La reprise de Mory Ducros achoppe sur les indemnités de licenciement


L'offre de reprise du transporteur Mory Ducros par Arcole Industries, présentée jeudi 20 février aux représentants du personnel, achoppe encore sur la validité de l'accord social signé par les syndicats et la répartition des indemnités supra légales aux salariés licenciés.


2.000 emplois en sous-traitance ou intérim dépendent de Mory Ducros © Mory Ducros
2.000 emplois en sous-traitance ou intérim dépendent de Mory Ducros © Mory Ducros
L'offre de reprise de Mory Ducros achoppe sur la répartition des indemnités de licenciement. Cette offre doit être examinée jeudi 20 février et éventuellement vendredi 21 février à l'occasion d'un comité d'entreprise (CE) extraordinaire, avant d'être transmise à l'administration (Direccte - direction régionale du travail) qui rendra son avis. Validée le 6 février par le tribunal de commerce de Pontoise (Val-d'Oise), cette offre prévoit la reprise de 2.210 salariés sur 5.000 et de 50 agences sur 85. Elle comprend également une enveloppe de 30 millions d'euros d'indemnités supra légales destinées aux salariés qui vont perdre leur emploi, en plus des indemnités normales de licenciement. Le montant et le mode de répartition de ces indemnités supra légales aux salariés licenciés a constitué la principale pierre d'achoppement des négociations avec Arcole.
C'est in extremis que la CFDT, premier syndicat de l'entreprise, a avalisé un accord majoritaire sur le plan social accepté par FO, la CFTC et la CFE-CGC et rejeté par la CGT. Le patron de la fédération des transports de la CFDT, André Milan, a signé lui-même cet accord durant l'audience du tribunal de commerce, après le refus du délégué syndical central CFDT de Mory Ducros de le faire au risque que l'entreprise soit liquidée. Pourtant, seuls les syndicats représentatifs d'une entreprise peuvent signer des accords collectifs, selon un juriste. "L'administrateur judiciaire ne veut pas déposer le texte majoritaire auprès de la Direccte par crainte que quelqu'un conteste sa validité", compte tenu des doutes portant sur la légalité de la signature de la CFDT, selon Jérôme Vérité, délégué CGT. "Ce problème de la validité de la signature de la CFDT est toujours en suspens, ce qui fait que l'administrateur judiciaire va certainement être contraint de prendre une décision unilatérale", a confirmé Denis Jean-Baptiste, secrétaire CFDT du CE. Il se passera ainsi de la signature majoritaire des syndicats, a-t-il précisé.

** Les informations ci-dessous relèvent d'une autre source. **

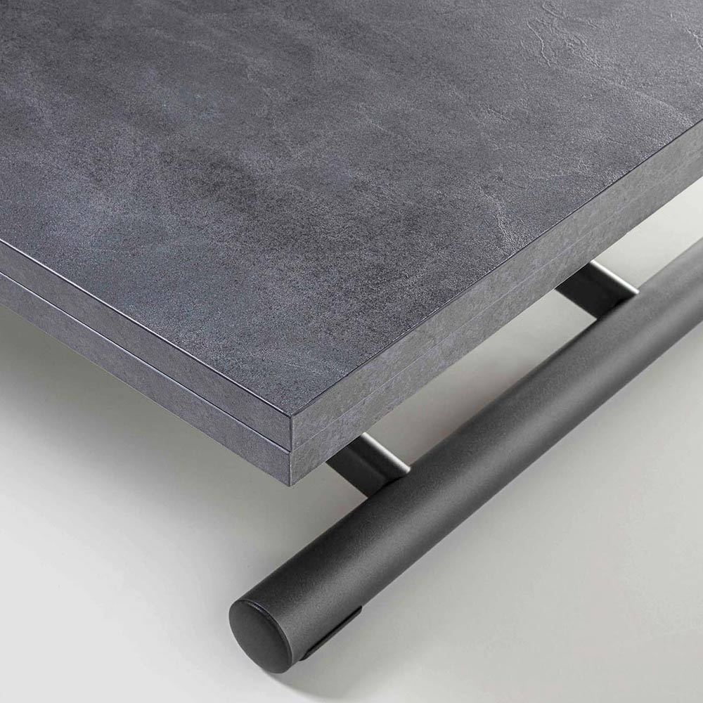 antracitfinish metallbas . Det unika med detta unika och innovativa soffbord är dess struktur som gör att det snabbt och enkelt kan förvandlas till ett praktiskt matbord. Denna funktion maximerar dess

Les salariés veulent faire valoir l'ancienneté

En outre, faute d'accord entre les délégués syndicaux sur le mode de répartition des indemnités supra légales aux salariés licenciés, le comité d'entreprise et l'administrateur vont fixer cette répartition, au plus près cependant des propositions des syndicats, a indiqué Denis Jean-Baptiste. La base de travail consistait à attribuer 2.000 euros à chacun des salariés licenciés et de répartir l'enveloppe restante en fonction de l'ancienneté de chacun, a-t-il précisé. Selon lui, "il y a une forte demande de la base pour que l'ancienneté soit prise en compte". Le CE, reporté à plusieurs reprises, devrait se poursuivre vendredi 21 février et se clore par un avis consultatif rendu par les représentants du personnel. Puis le dossier sera transmis à la Direccte par l'administrateur judiciaire. Celle-ci aura une huitaine de jours pour valider ou non l'offre de reprise.
Outre l'enveloppe de 30 millions pour les salariés licenciés, Arcole va injecter dans l'entreprise 17,5 millions d'euros et l'État va prêter 17,5 millions. Les 2.850 salariés licenciés vont également bénéficier du contrat de sécurisation professionnelle, avec l'assurance de toucher 97 % de leur salaire pendant un an, et d'une bourse à l'emploi alimentée par les entreprises du secteur. Cette bourse sera également ouverte aux salariés des entreprises sous-traitantes, qui seraient licenciés en raison de la fermeture d'agences de Mory Ducros. 2.000 emplois en sous-traitance ou intérim dépendent de Mory Ducros.